There is no discussion about whether something is a good and honourable thing to do, or whether it is something about which we should feel uncomfortable. The rules are meant to be a fallback. Actually, we should be talking to each other about why we are in politics, what our personal priorities are, what our personal morality is and how we navigate it.
I have very little time and there is much I could say, but I will not address all the proposals. Members complain about the code of conduct and about the commissioner, but this House voted for the code and the commissioner. This House is to blame for the system we have. If Members do not engage with the system at a moment like this, they have nobody to blame but themselves if they fall foul of it. To cry foul and say how it is all a fix and all a conspiracy does nobody any good.
On that point, because engagement tends to be low, the Committee will have to think much more about how we support those who are accused of falling foul of the code. I can think of cases—I will say no more than that—where if the individuals concerned had been taken aside by the right person and given the right advice, and if they had not run for their lawyers, got into a conflict with the commissioner and then questioned the whole system, their life would have turned out very different. Somehow, we need an independent system of support and advice—it cannot be the Whips—to make sure Members have the right advice.

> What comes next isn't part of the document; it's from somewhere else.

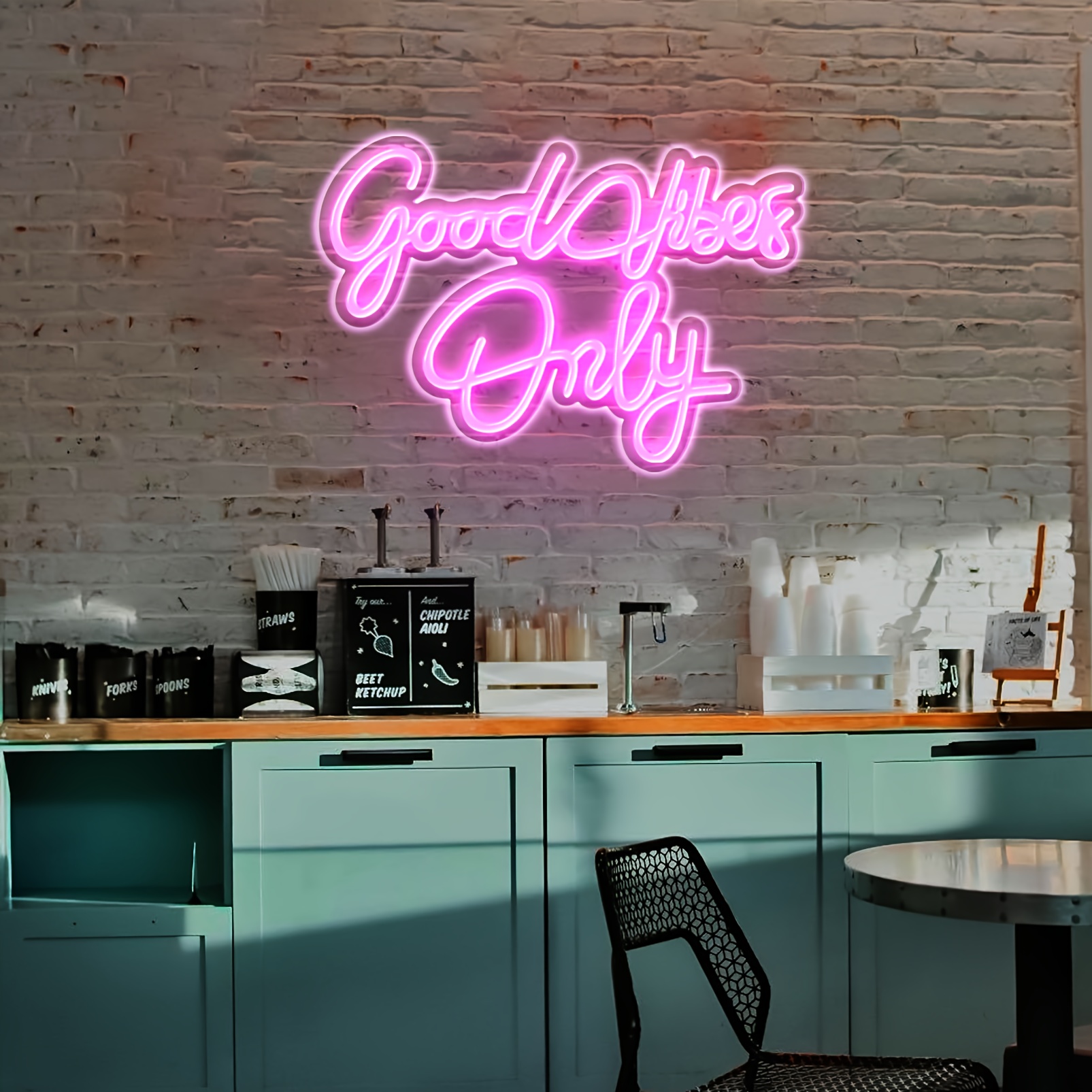 1 pc Rose Good Vibes Only LED Neon Sign, Atmosphere Wall Decor Neon Sign, Suitable for Parties, Offices, Gyms, Game Rooms, Homes, Clubs, Living Rooms, Bars, Bedrooms, and Home Wall Decor. The Perfect Gift Choice for Friends’ and Family’s Birthdays and Holidays. USB-Powered Illuminated Sign Hanging Kit, 5V USB Power Supply.

On closing, I wish to draw attention to a particular piece of evidence that the Committee received. It has not had much attention, but I feel that it is by far the most useful thing that we have received. It is a response to our original issues and questions paper from Dr Claire Foster-Gilbert of the Westminster Abbey Institute. She was addressing the first question, “What values, attitudes and behaviours should the Code of Conduct for MPs seek to encourage or discourage?” She notes that the code reads as a document that first began as a response to financial misconduct. She said:
“It is cast as a regulatory instrument, which implies it is a set of rules which can be kept or broken.”
It is now a mixture of rules, guidance and principles. She points out that no one can perfectly embody those principles; that would be impossible. Let us take, for example, selflessness, to which the hon. Member for Rhondda referred. Nobody can be totally selfless, least of all in politics. Our efforts in that regard can never be completely successful. Dr Foster-Gilbert points out:
“For MPs, faced with difficult choices on a daily basis, the task is to learn how to retain their integrity and behave selflessly, even while making those choices”—
about power, about competition with others, and about competition of ideas.
I will wind up now, but I really recommend that people read this particular piece of evidence, because our next inquiry will be much more about training and promotion of the code. People bridle against training, but we need to engage people in the conversation about what the code is for much more than we do.